The problem — In the records below, find the line containing "北京時(shí)間1月22日" and print it and every line after it exactly, through the end. Skip pictures.

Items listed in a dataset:
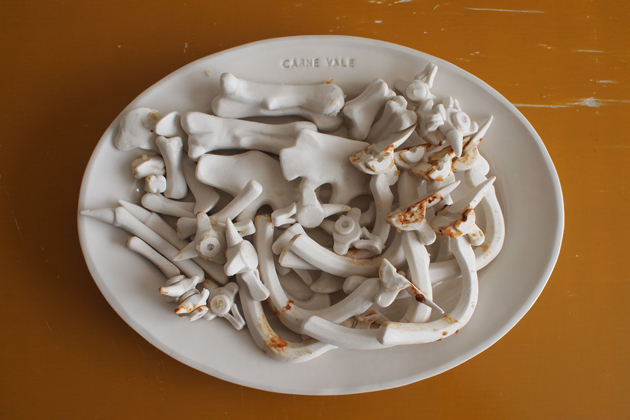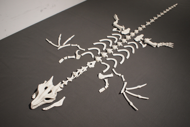 「まずは骨」と考え、ドラゴンの全身骨格を磁器で作成しました。
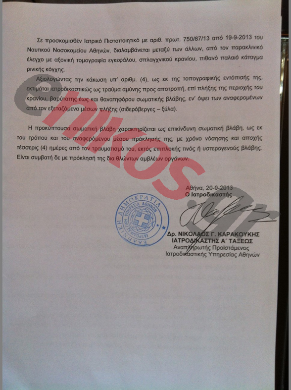 “Αξιολογώντας την κάκωση ως εκ της τοπογραφικής εντόπισής της, εκτιμάται ιατροδικαστώς ως τραύμα αμύνης προς αποτροπή, επί πλήξης της περιοχής του κρανίου, βαρύτατης έως και θανατηφόρου σωματικής βλάβης, εν’ όψει των αναφερόμενων από τον εξεταζόμενο μέσων πλήξης (σιδερόβεργες-ξύλα)” τονίζει ο κ. Καρακούκης.
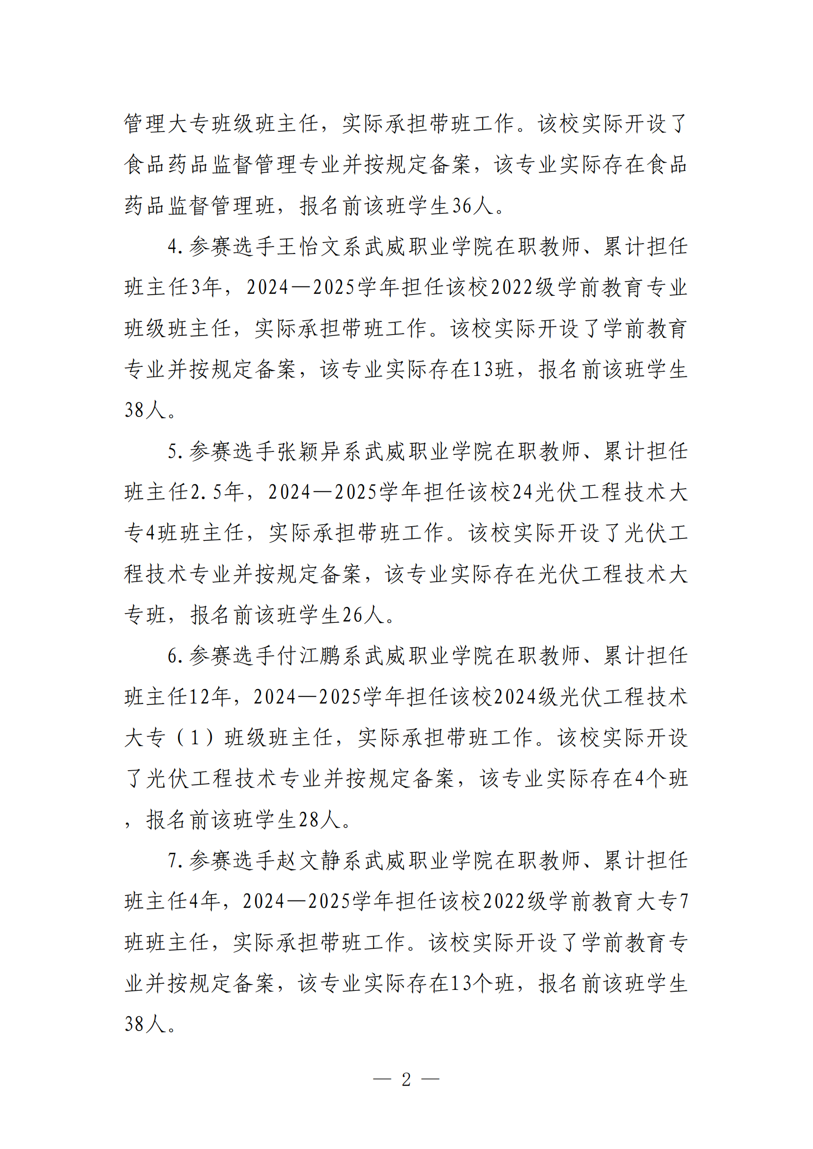 2025年全省職業(yè)院校技能大賽班主任能力比賽武威職業(yè)學(xué)院參賽選手信息公示
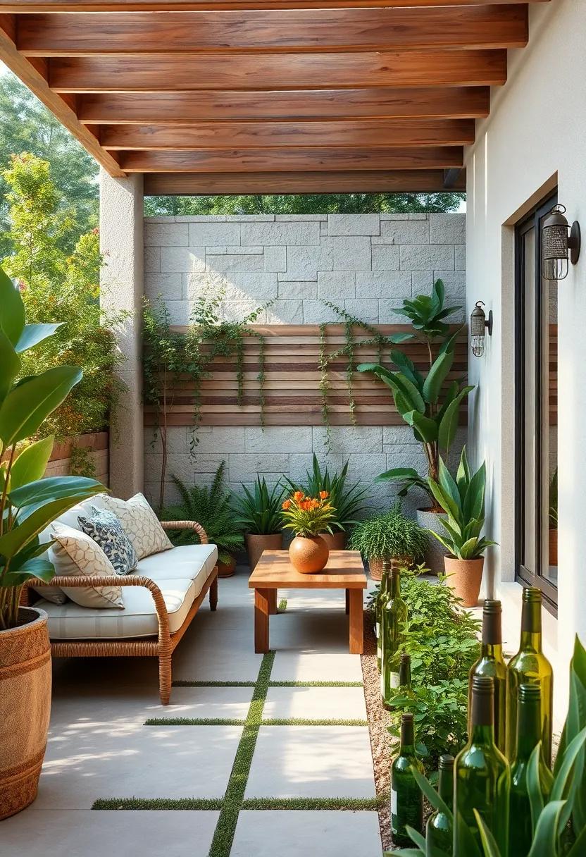 Wine Bottles: Create a unique, artistic boundary by embedding glass bottles neck-down into the ground
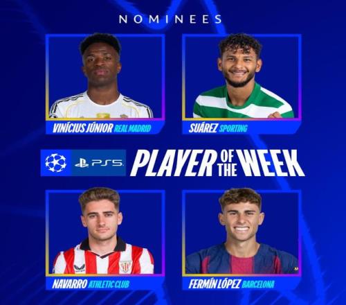 北京時(shí)間1月22日,在歐冠聯(lián)賽階段第7輪的比賽全部結(jié)束后,歐冠官方選出了本輪最佳球員的四位候選者,他們分別是皇家馬德里的維尼修斯、葡萄牙體育的路易斯-蘇亞雷斯、畢爾巴鄂競技的羅伯特-納瓦羅以及巴塞羅那的費(fèi)爾明-洛佩斯。
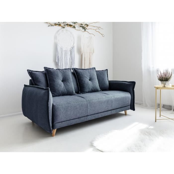 Canape 3 Places Fixe Lena Bleu Pieds Deco Grands Coussins Deco Capitonnes Accoudoirs Coussins Achat Vente Canape Sofa Divan Soldes Sur Cdiscount Des Le Janvier Cdiscount
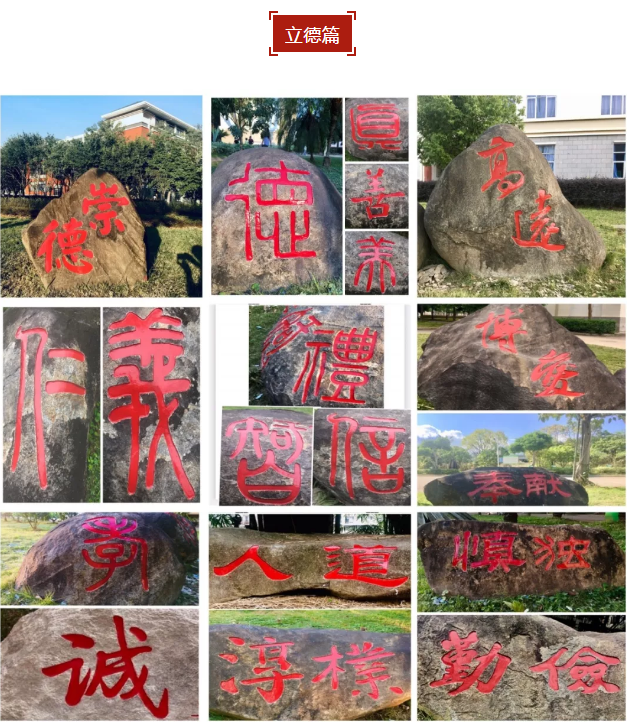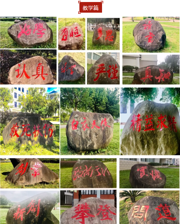 近日,有“福州市最美單位庭院”之譽(yù)的福建衛(wèi)生職業(yè)技術(shù)學(xué)院又添新景——校園文化系列石刻。72幅石刻點(diǎn)綴在校園不同區(qū)域綠樹(shù)花草之間,各顯風(fēng)采,相映生輝。石刻內(nèi)容分“立德篇、教學(xué)篇、行政篇、青春篇”四大主題,析理悟理、明志勵(lì)志、催人奮進(jìn);石刻書(shū)法篆隸行楷草俱全,多為名帖名家書(shū)法集字而成,彰顯中國(guó)書(shū)法獨(dú)特魅力。
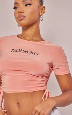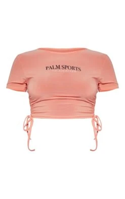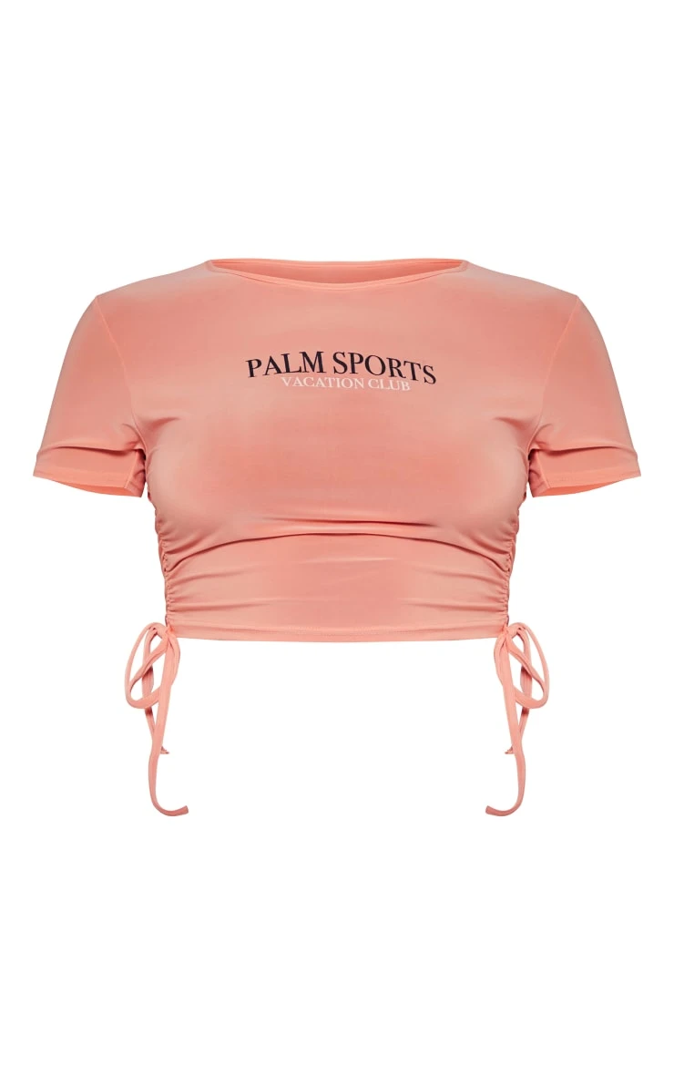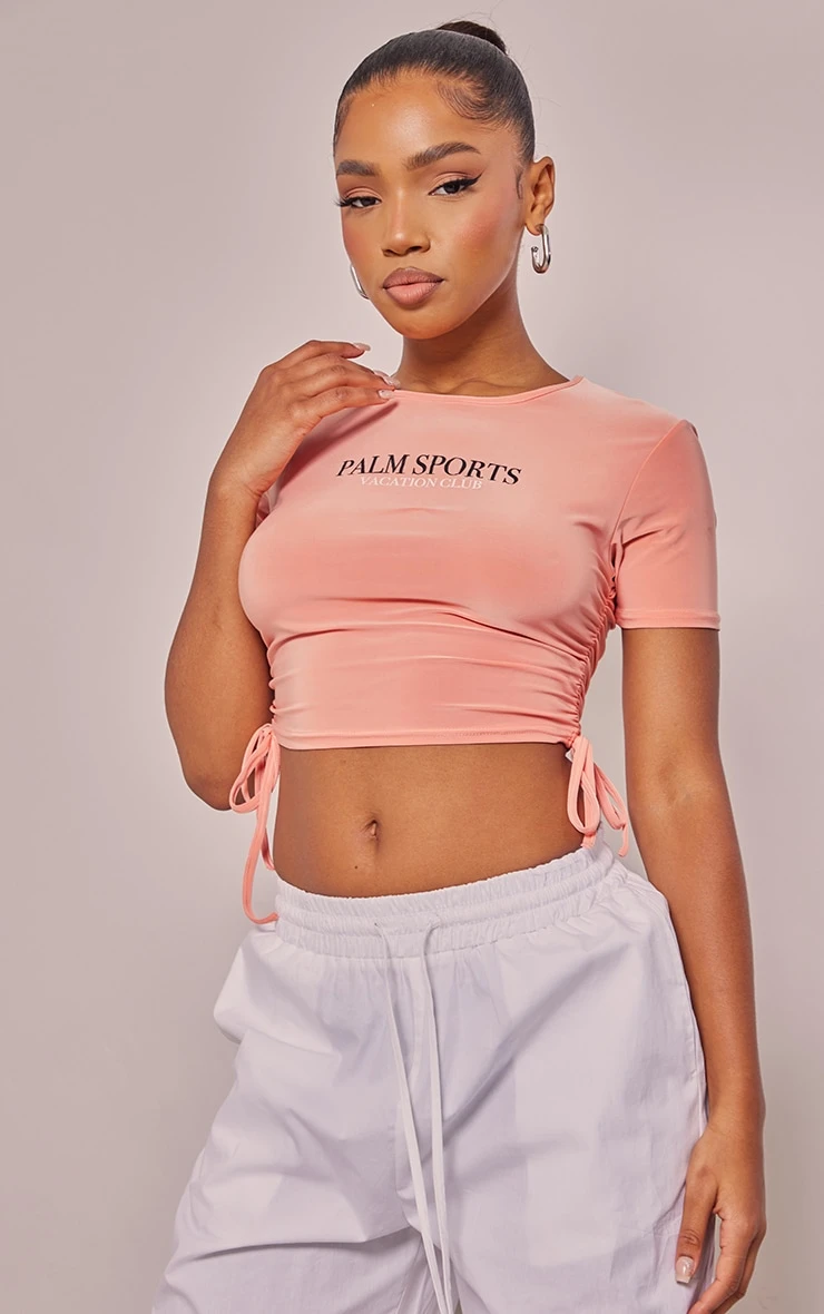 Make them stop and stare in this coral palm sports ruched side t shirt. This t shirt is brought to you in a coral material with a ‘Palm Sports’ design across the front for a little added edge, what’s not to love? With a ruched side for a flattering fit, we are obsessed. Team with some wide leg trousers and a pair of gold accessories to finish off the look everyone is loving.

Problem solution —
 北京時(shí)間1月22日,在歐冠聯(lián)賽階段第7輪的比賽全部結(jié)束后,歐冠官方選出了本輪最佳球員的四位候選者,他們分別是皇家馬德里的維尼修斯、葡萄牙體育的路易斯-蘇亞雷斯、畢爾巴鄂競技的羅伯特-納瓦羅以及巴塞羅那的費(fèi)爾明-洛佩斯。
 Canape 3 Places Fixe Lena Bleu Pieds Deco Grands Coussins Deco Capitonnes Accoudoirs Coussins Achat Vente Canape Sofa Divan Soldes Sur Cdiscount Des Le Janvier Cdiscount
 近日,有“福州市最美單位庭院”之譽(yù)的福建衛(wèi)生職業(yè)技術(shù)學(xué)院又添新景——校園文化系列石刻。72幅石刻點(diǎn)綴在校園不同區(qū)域綠樹(shù)花草之間,各顯風(fēng)采,相映生輝。石刻內(nèi)容分“立德篇、教學(xué)篇、行政篇、青春篇”四大主題,析理悟理、明志勵(lì)志、催人奮進(jìn);石刻書(shū)法篆隸行楷草俱全,多為名帖名家書(shū)法集字而成,彰顯中國(guó)書(shū)法獨(dú)特魅力。
 Make them stop and stare in this coral palm sports ruched side t shirt. This t shirt is brought to you in a coral material with a ‘Palm Sports’ design across the front for a little added edge, what’s not to love? With a ruched side for a flattering fit, we are obsessed. Team with some wide leg trousers and a pair of gold accessories to finish off the look everyone is loving.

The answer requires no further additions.